From the above, the average outlet pressure of the water collector 100 is 10158525Pa, the average outlet pressure of the traditional water collector is 9987204Pa, and the average outlet pressure of the water collector 100 can be effectively increased by at least 1.72%.

In view of the flow characteristics of the fluid in the water collector 100, compared with the conventional water collector, the water collector 100 has the advantages that the speed distribution and the pressure distribution are obviously improved, and the turbulence characteristics of the fluid are also obviously improved compared with the conventional water collector.
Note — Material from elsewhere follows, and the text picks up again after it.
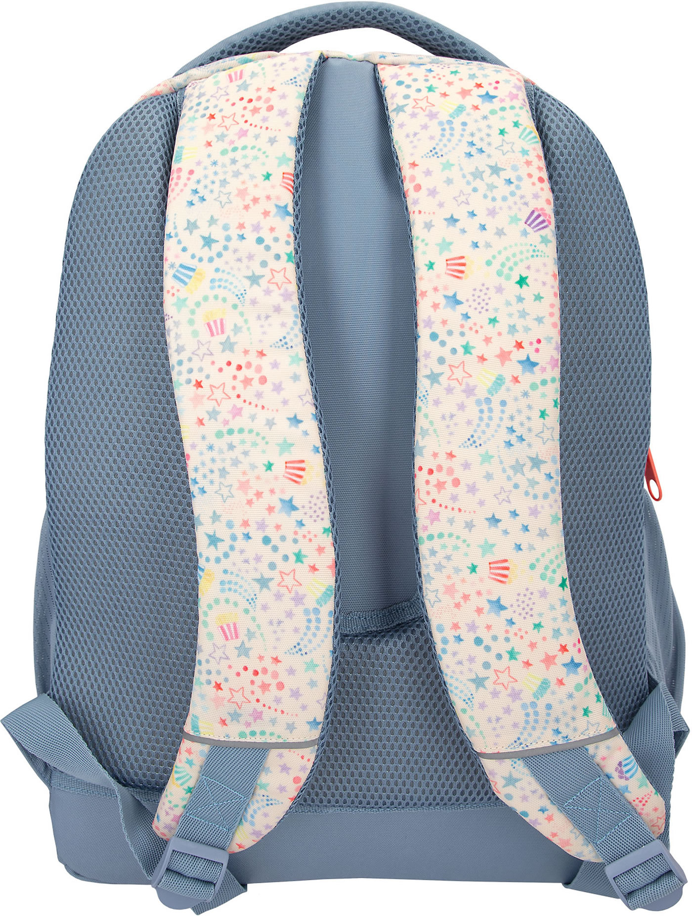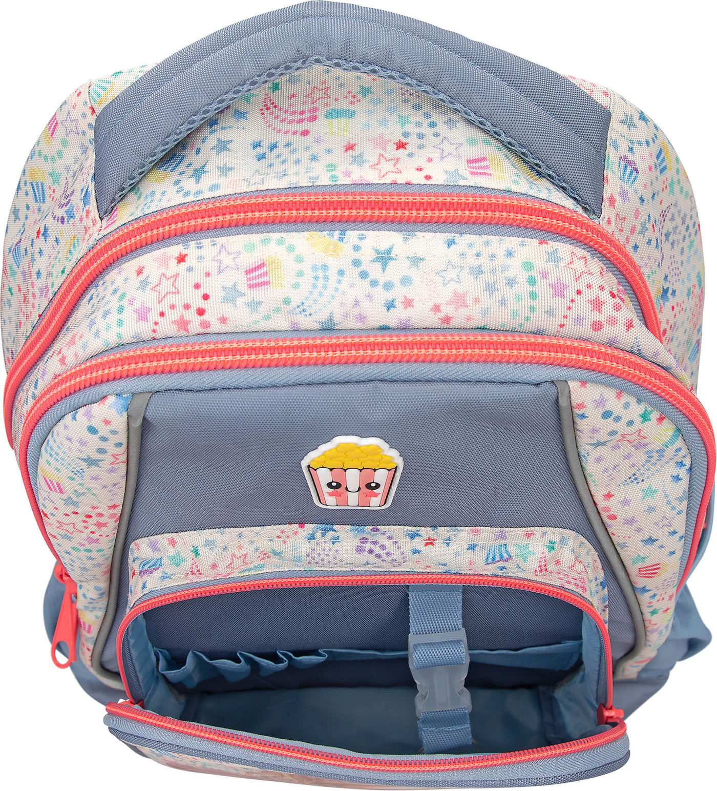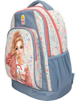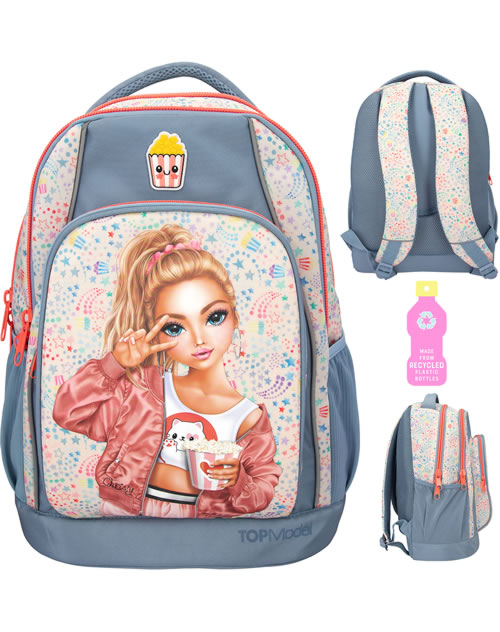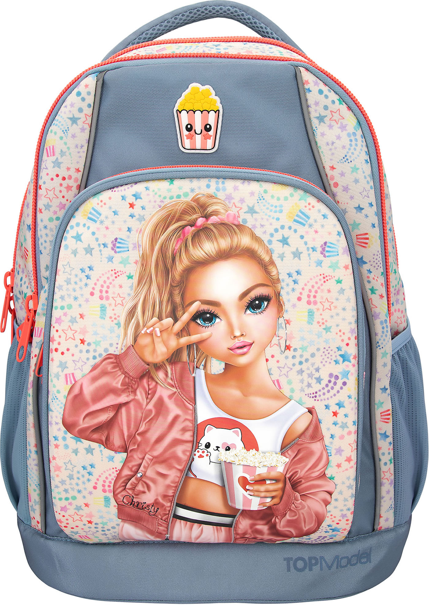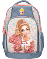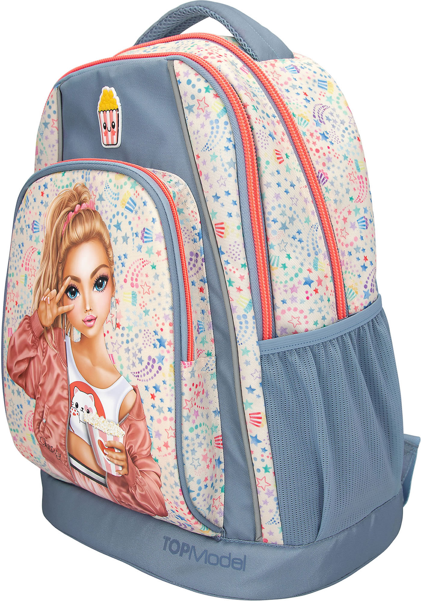 Gute-Laune-Rucksack: mit fröhlich-buntem Allover-Muster, XL-TOPModel-Print auf der Fronttasche, immer stylishem Jeans-Blau, superniedlichem Popcorn-Patch und in der Länge verstellbaren naturfarbenen Gurten.

the present invention also provides a fire fighting robot (not shown) including a vehicle body, an image collecting structure, a water collector 30, and a spraying structure, etc. The image acquisition structure, the water collector and the spraying structure are all arranged on the vehicle body. The structure of the water collector 30 can be referred to the previous description in this embodiment, and thus, the description thereof is not repeated.

It can be understood that the flow characteristics of the fluid when the fluids are merged are significantly improved by the water collector 30, the loss of kinetic energy is reduced, and the jet velocity and the water pressure utilization efficiency are improved.

the technical features of the embodiments described above may be arbitrarily combined, and for the sake of brevity, all possible combinations of the technical features in the embodiments described above are not described, but should be considered as being within the scope of the present specification as long as there is no contradiction between the combinations of the technical features.

The above-mentioned embodiments only express several embodiments of the present invention, and the description thereof is more specific and detailed, but not construed as limiting the scope of the invention. It should be noted that, for a person skilled in the art, several variations and modifications can be made without departing from the inventive concept, which falls within the scope of the present invention. Therefore, the protection scope of the present patent shall be subject to the appended claims.